= Laurel Johannesson =

Canadian artist

Laurel Johannesson is a Canadian artist who studied at the University of Calgary in Alberta (MFA, 1999), the University of Saskatchewan (BFA, 1993 and BA, 1991), and the Royal College of Art in London, England. With degree specializations in printmaking, digital media, drawing and painting and a background in photography and video, her work often crosses the boundaries between all of these areas. She uses her artwork to examine suspended temporality.

In 2005, Laurel was an invited Artist in Residence at the Association of Icelandic Visual Artists in Reykjavík, Iceland as well as the Skopelos Foundation for the Arts in Skopelos, Greece. In June 2006, she returned to Greece where she was Artist in Residence at the Apothiki Art Centre on the island of Paros, where her work was also exhibited in a solo exhibition in July 2007. In addition, she was an invited Fellow at the Bau Institute in Italy in 2007 and in 2008 in the Côte d’Azur where she was once again Artist in Residence. Most recently she has been a Visiting Artist at the American Academy in Rome. Upcoming projects for 2010 include a solo exhibition in Venice, Italy.

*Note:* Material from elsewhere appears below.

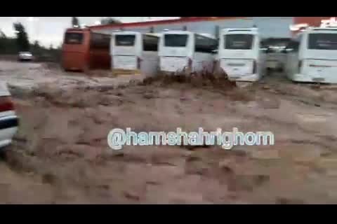 سیلاب وحشتناک عصر امروز قم؛ ابتدای جاده اراک

Johannesson has exhibited her work extensively in Canada, including at the Herringer Kiss Gallery, as well as internationally including countries such as Greece, Italy, England, France, India, Iceland, Argentina, Germany, Japan, Chile, and the United States. She has been the recipient of numerous awards and her work is included in many prestigious public, private, and corporate collections.

Laurel Johannesson is currently Assistant Dean at the Alberta College of Art and Design and is working on a PhD at the University of Calgary.